A vida é feita de acasos. Foi por uma obra do acaso que, ao visitar uma de suas fábricas,  o presidente de uma empresa de cartas de baralho viu um faxineiro com um curioso apetrecho que havia desenvolvido nas suas horas vagas. Esse jovem viria a se tornar o pai de várias criações que uma ditariam o rumo da indústria dos videogames, na época ainda no berço. Muito do que temos hoje veio da mente desse senhorzinho que deixou uma marca indelével na história dos games, e hoje é injustamente lembrado pelo único fracasso que cometeu.

Seu nome era Gunpei Yokoi, e esta é a sua história.

De faxineiro a desenvolvedor

Nascido em 10 de setembro de 1941, Yokoi era um gênio. Não no sentido de saber mais do que outros (tá, isso também), mas porque ele pensava fora da caixa. Guiado pelo mote de que “quem não arrisca, não vence”, ele não se limitava à regras, ele as criava. Foi sua inventividade que permitiu a Nintendo se tornar a líder do mercado de videogames por muitos anos, e foi sua própria forma de pensar que o levou do céu ao inferno.

Após se formar em eletrônica na universidade em 1965, ele conseguiu um emprego na Nintendo Co., à época uma empresa tradicional de Kyoto fabricante de Hanafuda (um baralho tradicional japonês). A princípio ele foi contratado como faxineiro e responsável pela manutenção das máquinas que produziam as cartas, mas ele estava disposto a colocar tudo o que aprendeu na graduação em prática. A oportunidade não tardou a aparecer.

Em 1966, o então presidente da Nintendo, Hiroshi Yamauchi, visitou a fábrica onde Yokoi trabalhava, e notou um curioso braço extensor que ele havia montado no seu tempo livre. Vindo de uma série de empreendimentos desastrosos (de companhia de táxi até motéis!), a empresa amargava vacas magras desde o fim da Olimpíada de  Tóquio, em 1964. Vendo uma oportunidade de ouro, Yamauchi não teve dúvidas: ordenou a produção em massa do aparato e promoveu Yokoi a líder de desenvolvimento da linha de brinquedos da empresa. Naquele Natal, a Ultra Hand foi um sucesso estrondoso.

Ultra Hand, o primeiro filhote de Gunpei Yokoi

Ultra Hand, o primeiro filhote de Gunpei Yokoi

Yokoi desenvolveu outros brinquedos da série Ultra, como o Ultra Machine e a Ultra Scope, e até um curioso aparelho que testava o quanto um casal se amava, o Love Tester (Japão gonna Japão).

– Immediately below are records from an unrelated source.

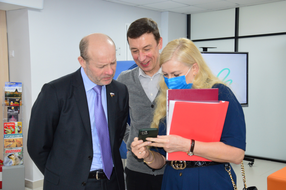 Вместе с главой муниципалитета Николаем Шимановичем и председателем Собрания депутатов Катав-Ивановского района Александром Васильевым он побывал в модернизированном учреждении культуры, отметил правильный подход к решению образовательной и увлекательной систем на территории. Коллектив библиотеки организовал для гостей экскурсию, путями которой проходят посетители храма книги. Все современные электронные ноу-хау востребованы молодежью, здесь любят работать и отдыхать школьники, делают множественные селфи, чтобы показать достопримечательность Катав-Ивановска. «На экскурсии здесь даже побывал коллектив местной полиции», - говорят библиотекари. Поток читателей за время открытия библиотеки после ремонта явно увеличился. И коллектив доволен, рассказывает об эмоциях посетителей. Родители с маленькими детьми также полюбили обновлённую библиотеку, где с большим удовольствием и пользой проводят свободное время. Почти все проникаются любовью к умному роботу Алексею, который запоминает имена читателей и хранит их в своей памяти. Главу района он поприветствовал так: «Здравствуйте, Николай! Давно вас не было в библиотеке. Рад, что вы пришли!» В свою память робот внёс и читателя Олега Колесникова и даже «погадал» ему, отметив, сколько собеседнику лет, что у него большая, дружная семья, которая любит читать. «Все правильно!» - подтвердили гости.
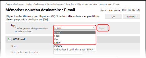 Dans [Type], sélectionnez [Mémoriser à partir du serveur LDAP], puis cliquez sur [Régler].
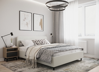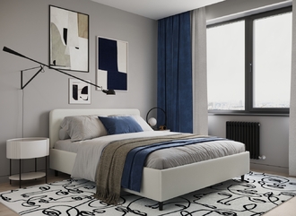 Царга, задающая пропорции, благодаря гладкости своей фактуры подчеркивает центральный элемент декора. Высокие опоры приподнимают фигуру кровати над полом и добавляют её образу визуальной легкости.
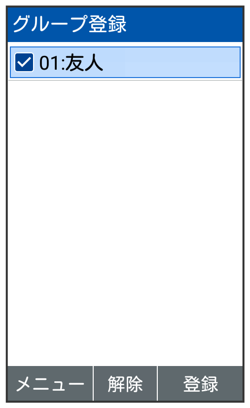 電話帳に、名前、電話番号、メールアドレス(いずれかの入力は必須)、グループを登録する方法を例に説明します。
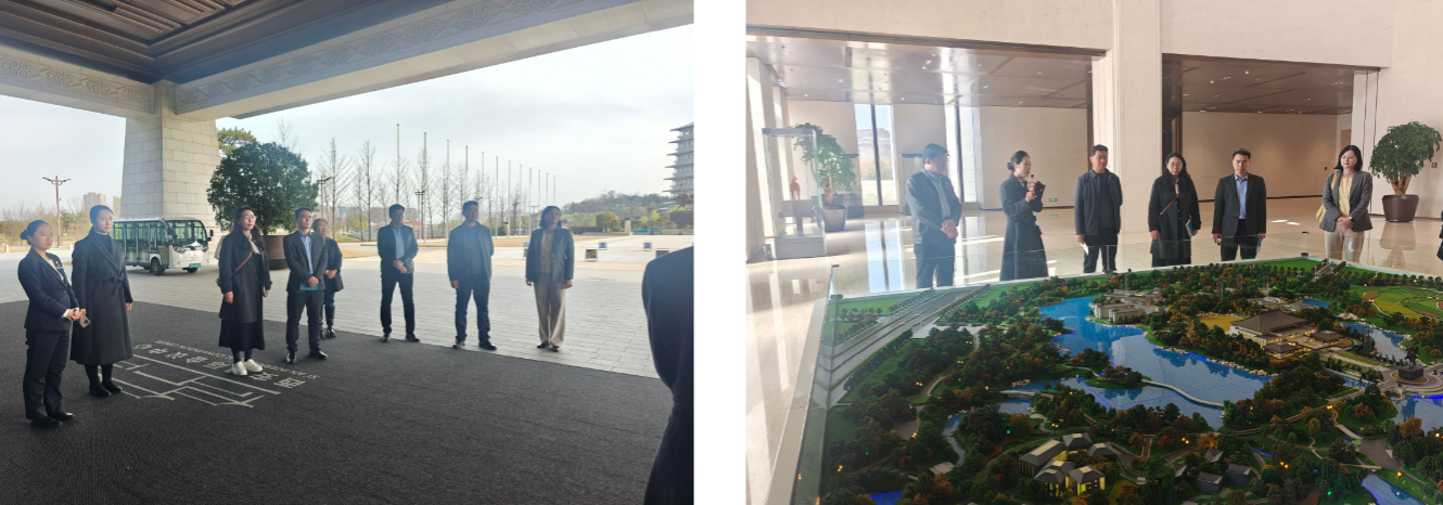 在企业工作人员的精心引导下,校方代表团首先参观了会议中心1号楼核心区域。这里作为中国—中亚峰会的重要举办场地,留存着众多重大外事活动的珍贵印记。工作人员现场细致讲解了中亚峰会举办期间的盛况与服务细节,重点介绍了麟德厅、建章厅等标志性会议厅的功能布局、设计理念及高端会议服务标准。麟德厅的敦煌元素水晶顶、建章厅融合唐代纹饰的穹顶设计,以及各场馆承接国际高端会议的专业配置,让校方成员直观感受到大型国际会议的服务要求与文化内涵,为后续人才培养与志愿服务对接奠定了直观认知基础。

Em 1974, com o sucesso dos jogos eletrônicos, a Nintendo decide apostar e mudar seu ramo exclusivamente para videogames. Gunpei Yokoi se tornou um de seus primeiros game designers, com a criação da Nintendo R&D1, o primeiro time de desenvolvimento. Em 1977 a Nintendo lançou uma série de consoles chamados Color TV Game, versões coloridas de joguinhos conhecidos da 1ª geração dos videogames, como PONG e outros. Ainda foram lançados jogos de arcade, como EVR Race (este desenvolvido pelo primeiro game designer e atual gerente geral de hardware da Nintendo, Genyo Takeda) e Radar Scope (que foi um fracasso nos Estados Unidos, dando a chance a um jovem substituí-lo por um outro game, estrelado por um gorila e um certo bigodudo…). Porém era preciso mais: a empresa queria um aparelho que lhe permitisse sacudir o ramo. Yokoi precisava de uma ideia, e novamente o acaso daria uma mãozinha.

Pai da jogatina portátil

Certo dia, durante uma viagem de trem, Yokoi notou um executivo tentando jogar numa calculadora (provavelmente uma programável; as gráficas só surgiriam em 1985). Foi daí que ele teve a ideia de desenvolver um aparelho portátil, que permitisse ao dono jogar onde quer que estivesse. Em 1980, nascia o Game & Watch e com ele, os consoles portáteis.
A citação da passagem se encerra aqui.